◆ **ABOUT THIS TASK**: Please give back, exactly as written, the lines from the line with "1058. lekuko hartzea: Sakanako" to the line with "The Pruitt-Igoe Myth" in the listing below, leaving out all pictures.
(Beginning of PROVIDED DATA)
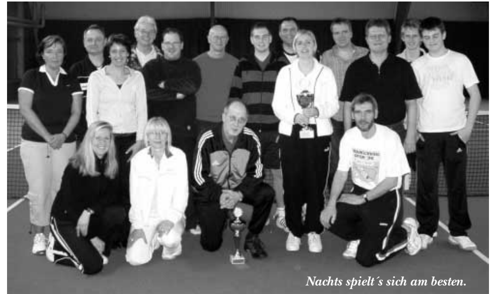
Nachts spielt's sich am besten.

Na also, geht doch – wir sind begeistert – 16 Teilnehmer beim Mitternachts-Tennis in Wendeburg – tolle Resonanz – 5 Damen und 11 Herren - was wollen wir mehr !!
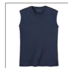
NOS RF 01 navy ID: 2072
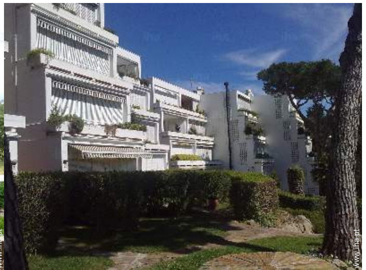
vista da propriedade
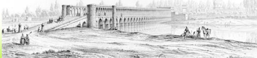
تصویر نقاشی شده از سی و سه پل توسط تاورنیه
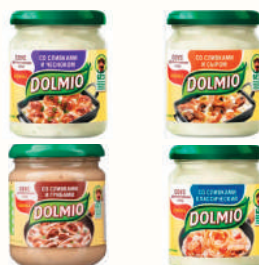
СОУС "ДОЛМИО" В АССОРТИМЕНТЕ, 200 ГР
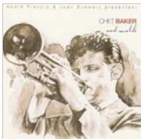
Chet Baker "Sad Walk" 149:- Best nr 4107

En annan fin platta är Chet Baker samlingen som heter Sad Walk – två cd – och som ingår i Harmonia Mundis/Le Chant du Mondes nya kollektion
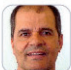
Pedro Brito Francisco Secundaria - Tenerife
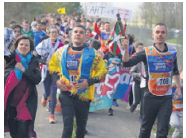
1058. lekuko hartzea: Sakanako Mankomunitatea.
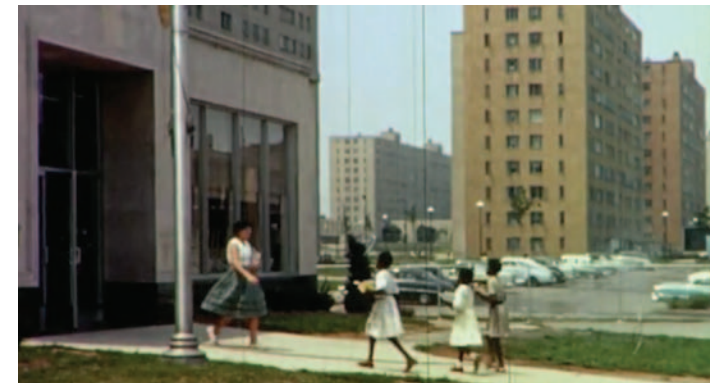
The Pruitt-Igoe Myth Directed by Chad Freidrichs 2011

modi tempora incidunt ut labore et dolore magnam aliquam quaerat voluptatem. Ut enim ad minima veniam, quis nostrum exercitationem ullam corporis suscipit laboriosam, nisi ut aliquid ex ea commodi consequatur? Quis autem vel eum iure reprehenderit qui in ea voluptate velit esse quam nihil molestiae consequatur, vel illum qui dolorem eum fugiat quo voluptas nulla pariatur? Ur isci velit, sed quia non numquam eius modi tempora incidunt ut laborcumque nihil impedit quo minus id quod maxime pletur, adipisci velit, sed quia non numquam eius modi tempora incidunt ut labore et dolore magnam aliquam quaerat voluptatem. Ut enim ad minima veniam, quis nostrum exercitationem ullam corporis suscipit laboriosam, nisi ut aliquid ex ea commodi consequatur?
(End of PROVIDED DATA)
◆ **WRITTEN RESPONSE**:
1058. lekuko hartzea: Sakanako Mankomunitatea.
The Pruitt-Igoe Myth Directed by Chad Freidrichs 2011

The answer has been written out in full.